Assigned task: From the first line of the data down to the line bearing "In this context, = the", output every line exactly and include no pictures.
____ Supplied material
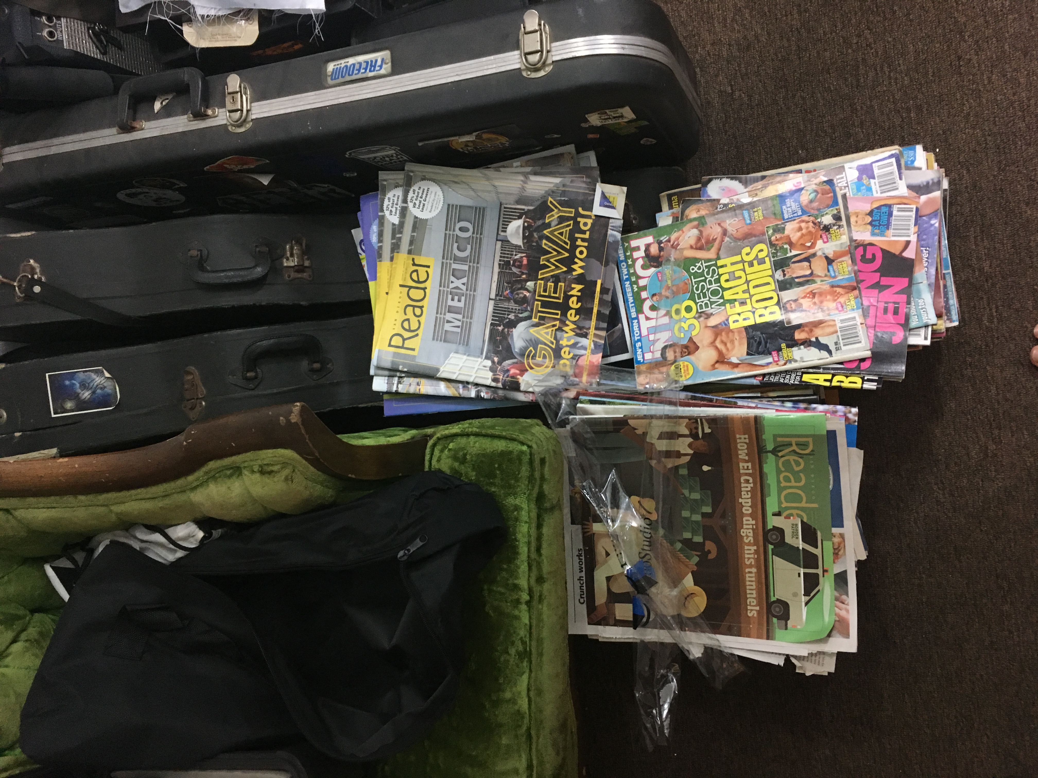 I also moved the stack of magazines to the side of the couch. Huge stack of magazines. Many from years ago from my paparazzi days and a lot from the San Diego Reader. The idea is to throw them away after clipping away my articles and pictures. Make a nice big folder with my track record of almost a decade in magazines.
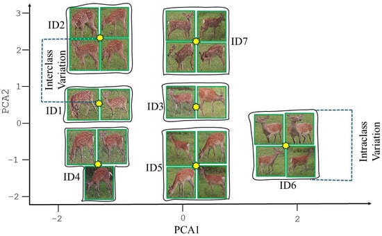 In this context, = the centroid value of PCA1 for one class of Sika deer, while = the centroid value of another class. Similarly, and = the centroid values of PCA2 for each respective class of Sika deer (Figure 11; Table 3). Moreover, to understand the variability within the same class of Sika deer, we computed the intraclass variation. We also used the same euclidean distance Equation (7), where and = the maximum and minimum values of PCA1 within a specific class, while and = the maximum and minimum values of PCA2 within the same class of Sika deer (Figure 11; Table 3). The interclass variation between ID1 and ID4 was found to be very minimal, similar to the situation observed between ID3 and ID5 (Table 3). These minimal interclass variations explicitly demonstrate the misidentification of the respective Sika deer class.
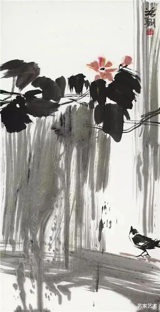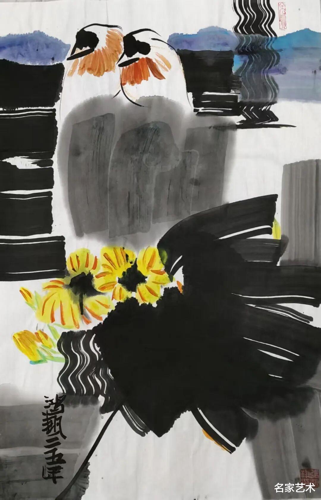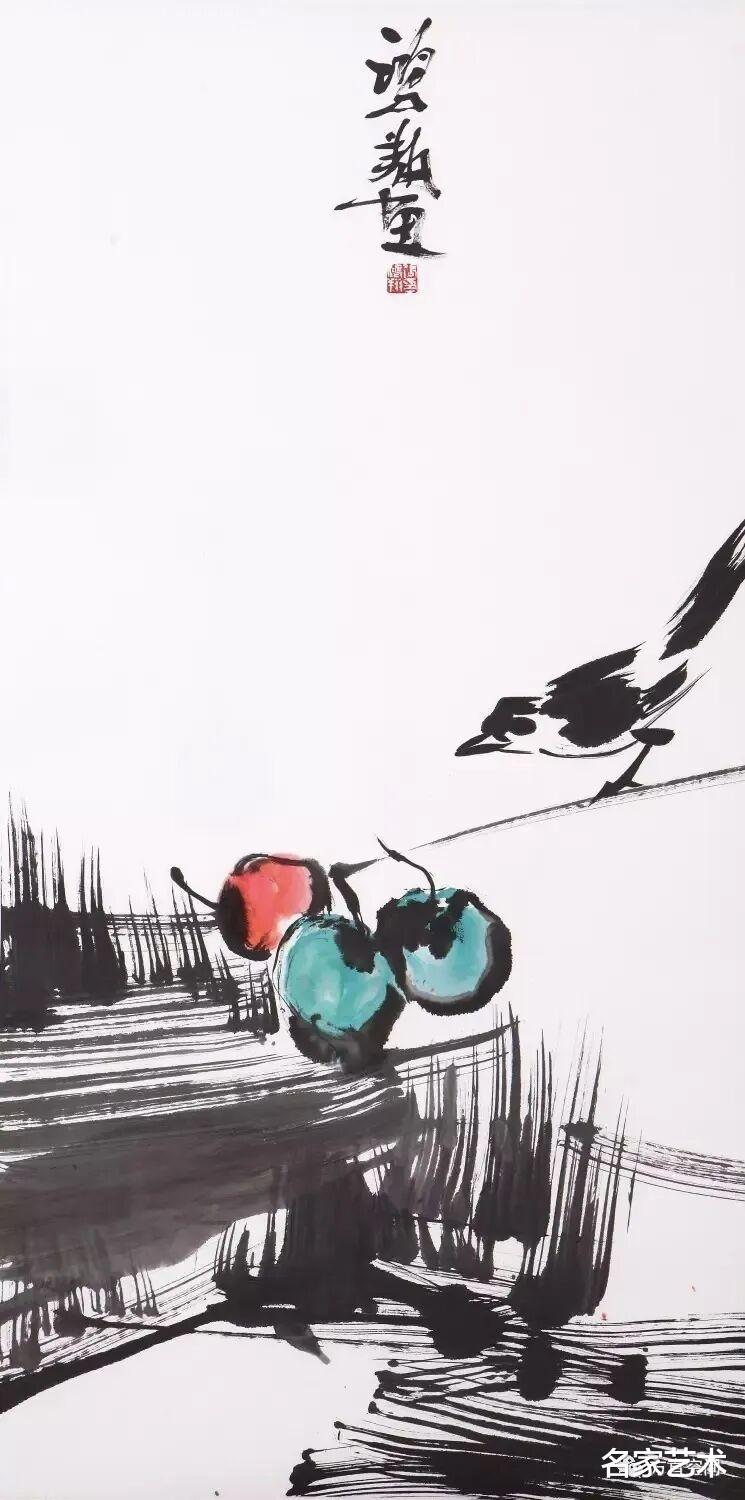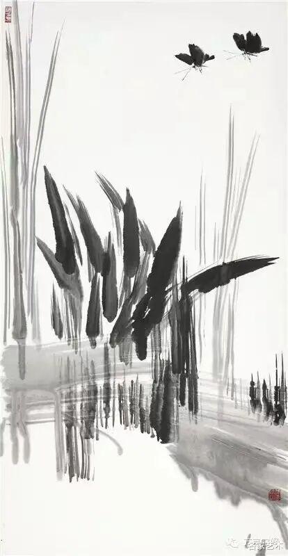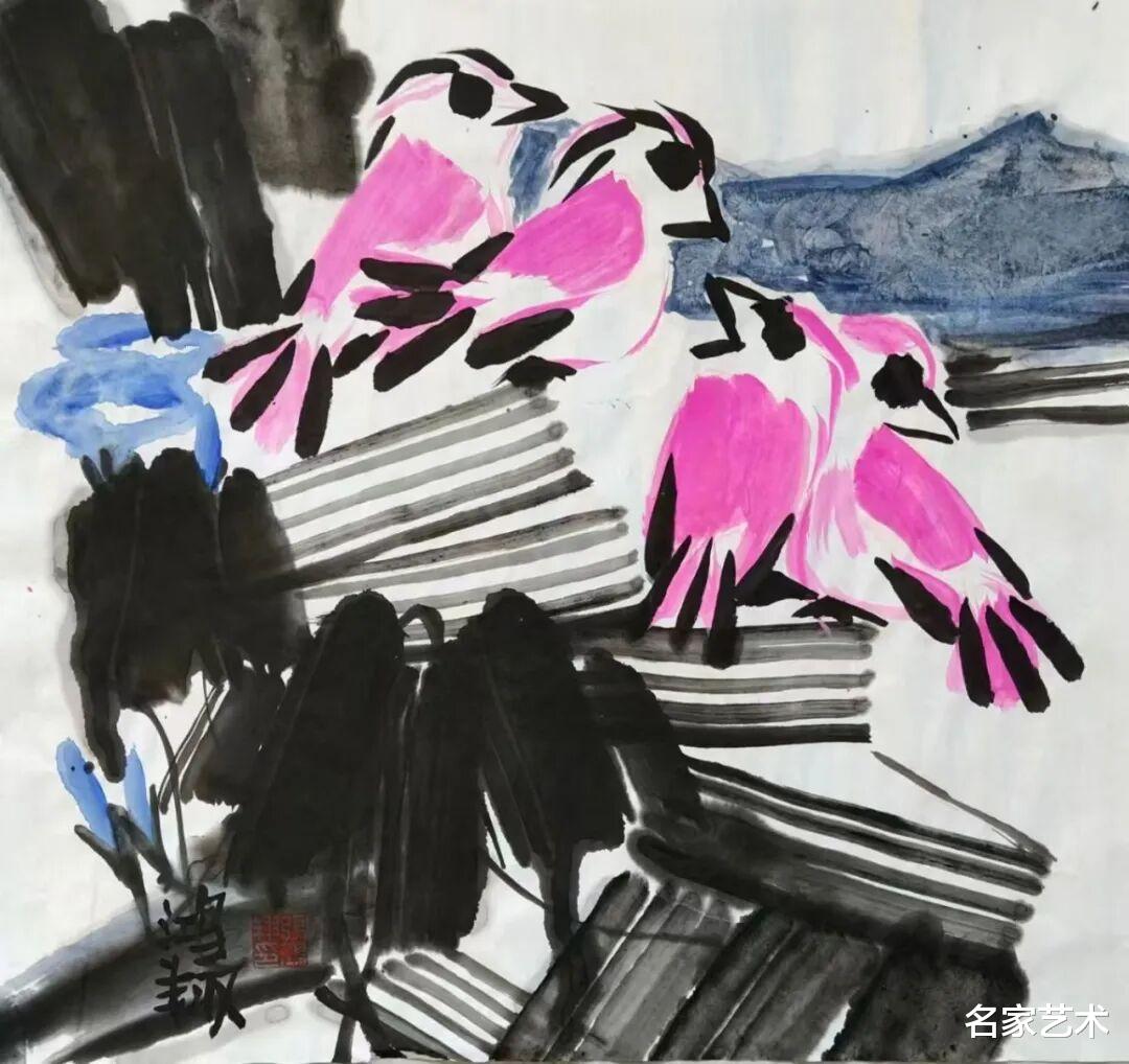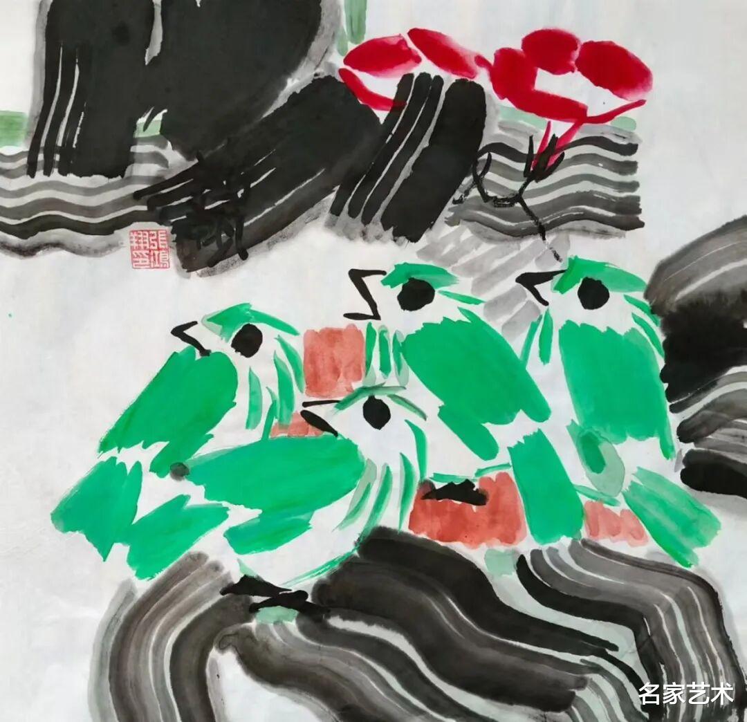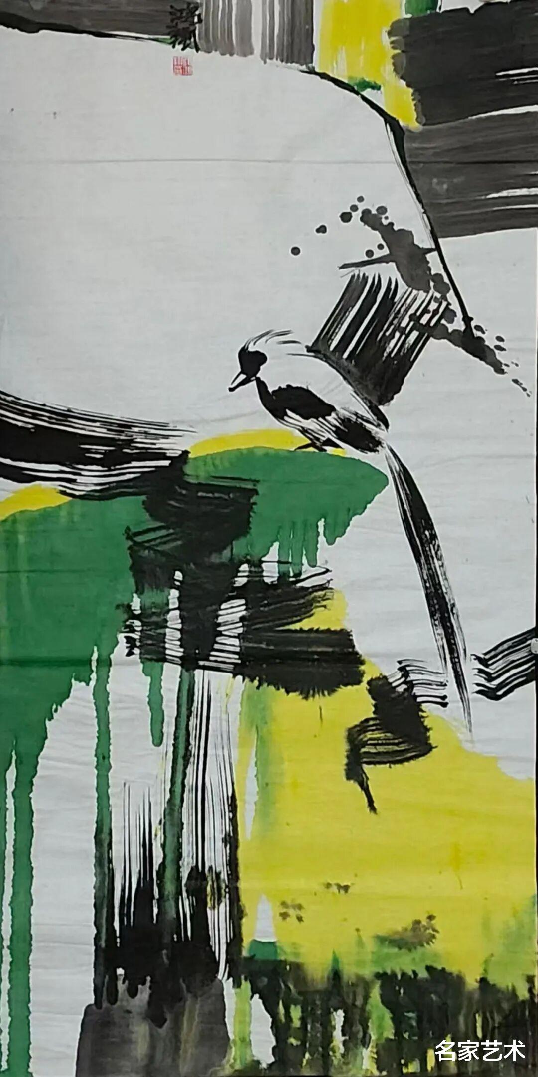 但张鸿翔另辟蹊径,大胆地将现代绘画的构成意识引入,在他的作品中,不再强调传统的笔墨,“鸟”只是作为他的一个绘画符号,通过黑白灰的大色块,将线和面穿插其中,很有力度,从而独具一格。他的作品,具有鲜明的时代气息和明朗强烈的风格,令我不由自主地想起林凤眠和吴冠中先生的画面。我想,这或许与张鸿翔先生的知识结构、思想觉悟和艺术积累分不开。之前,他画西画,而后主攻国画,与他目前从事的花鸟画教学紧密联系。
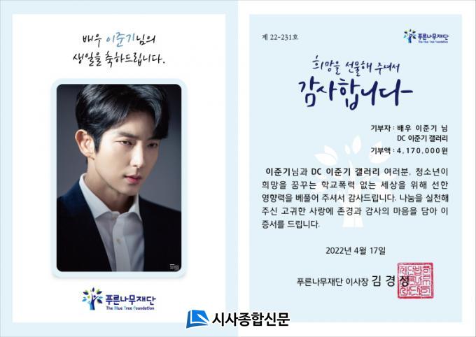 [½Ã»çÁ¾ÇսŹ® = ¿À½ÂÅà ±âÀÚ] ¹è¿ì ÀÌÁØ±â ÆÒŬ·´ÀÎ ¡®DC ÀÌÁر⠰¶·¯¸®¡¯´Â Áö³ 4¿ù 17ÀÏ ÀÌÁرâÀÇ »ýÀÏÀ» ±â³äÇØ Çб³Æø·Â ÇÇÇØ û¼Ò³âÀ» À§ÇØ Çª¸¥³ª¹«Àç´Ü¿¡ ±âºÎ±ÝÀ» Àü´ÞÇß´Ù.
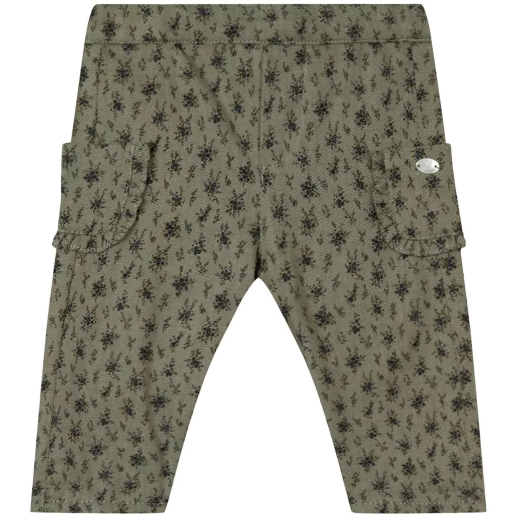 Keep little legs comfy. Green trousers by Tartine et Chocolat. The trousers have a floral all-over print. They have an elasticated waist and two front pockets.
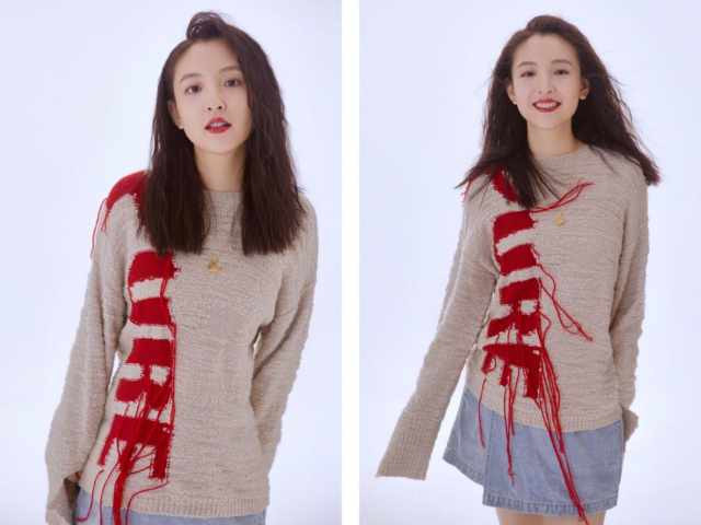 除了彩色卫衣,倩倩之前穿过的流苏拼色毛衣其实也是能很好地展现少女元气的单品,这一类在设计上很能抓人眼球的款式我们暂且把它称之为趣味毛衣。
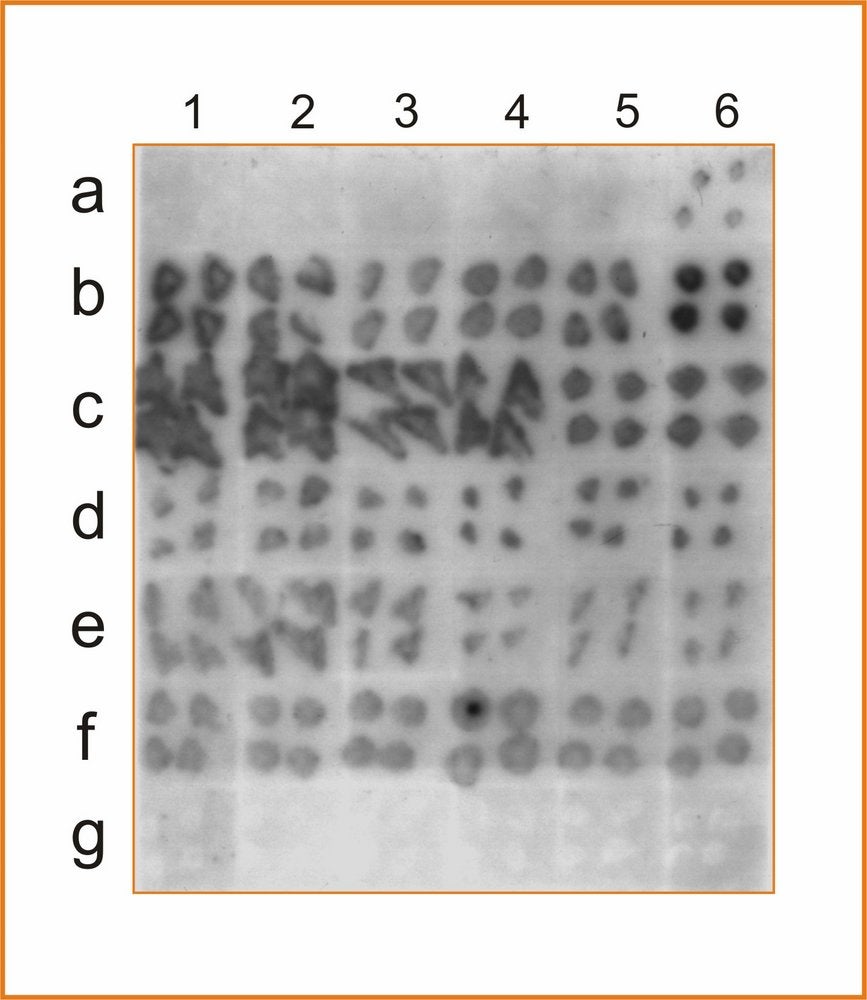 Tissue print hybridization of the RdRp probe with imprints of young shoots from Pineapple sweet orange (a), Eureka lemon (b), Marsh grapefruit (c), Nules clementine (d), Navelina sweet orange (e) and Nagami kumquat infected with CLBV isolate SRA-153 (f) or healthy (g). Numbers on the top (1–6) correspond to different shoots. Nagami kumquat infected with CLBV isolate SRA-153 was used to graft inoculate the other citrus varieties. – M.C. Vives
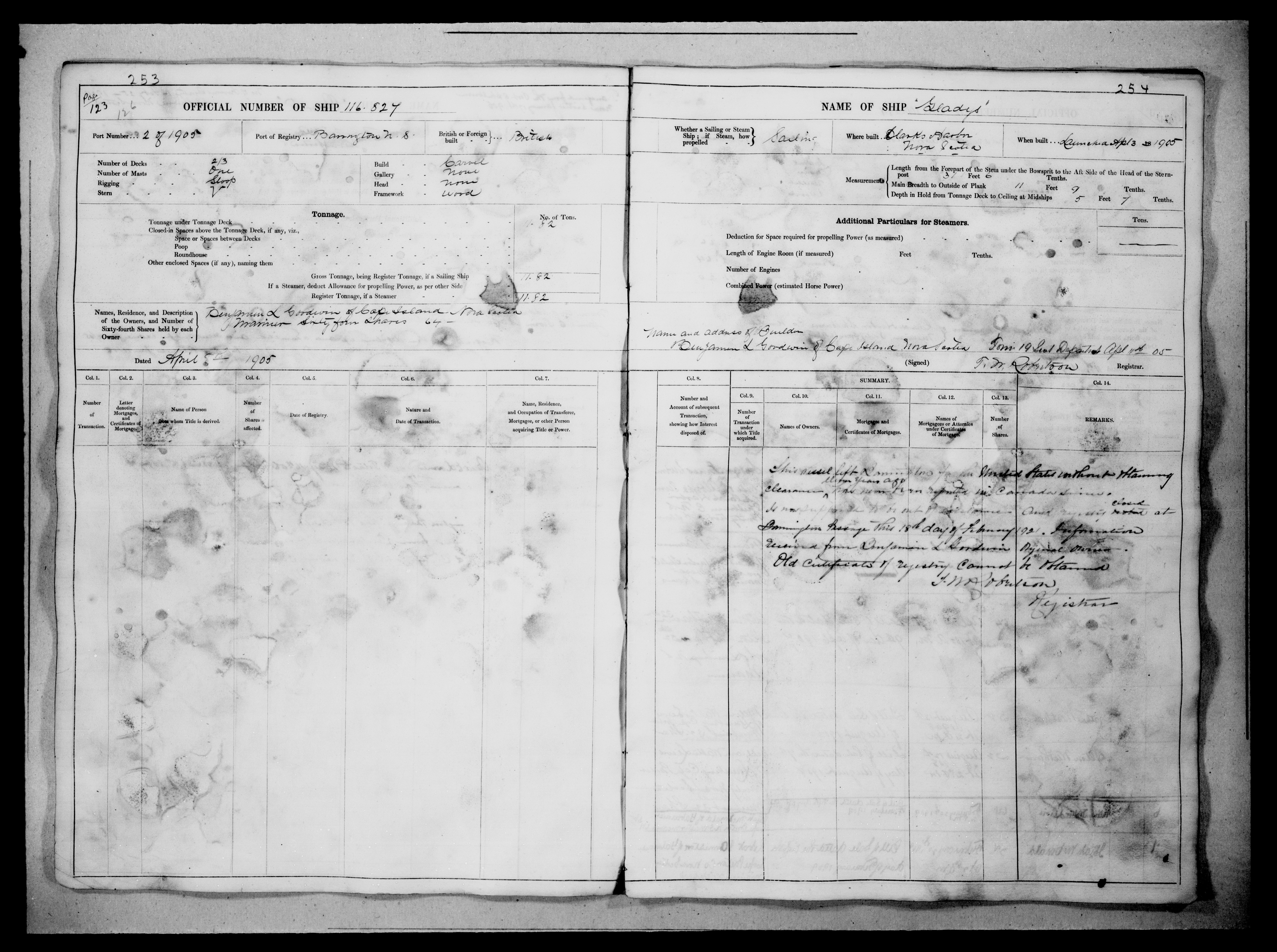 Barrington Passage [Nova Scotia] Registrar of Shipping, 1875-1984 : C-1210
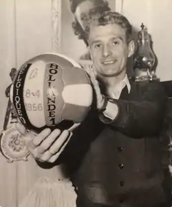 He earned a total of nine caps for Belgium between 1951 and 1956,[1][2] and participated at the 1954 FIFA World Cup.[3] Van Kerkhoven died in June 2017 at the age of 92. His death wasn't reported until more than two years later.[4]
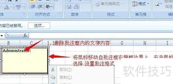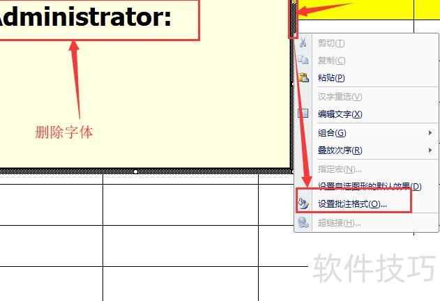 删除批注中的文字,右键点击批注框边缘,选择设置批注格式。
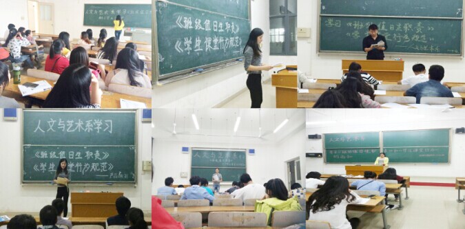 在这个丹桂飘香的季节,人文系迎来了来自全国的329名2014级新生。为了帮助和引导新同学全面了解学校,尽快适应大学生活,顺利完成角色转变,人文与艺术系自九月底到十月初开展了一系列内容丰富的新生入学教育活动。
________
The answer:
 I also moved the stack of magazines to the side of the couch. Huge stack of magazines. Many from years ago from my paparazzi days and a lot from the San Diego Reader. The idea is to throw them away after clipping away my articles and pictures. Make a nice big folder with my track record of almost a decade in magazines.
 In this context, = the centroid value of PCA1 for one class of Sika deer, while = the centroid value of another class. Similarly, and = the centroid values of PCA2 for each respective class of Sika deer (Figure 11; Table 3). Moreover, to understand the variability within the same class of Sika deer, we computed the intraclass variation. We also used the same euclidean distance Equation (7), where and = the maximum and minimum values of PCA1 within a specific class, while and = the maximum and minimum values of PCA2 within the same class of Sika deer (Figure 11; Table 3). The interclass variation between ID1 and ID4 was found to be very minimal, similar to the situation observed between ID3 and ID5 (Table 3). These minimal interclass variations explicitly demonstrate the misidentification of the respective Sika deer class.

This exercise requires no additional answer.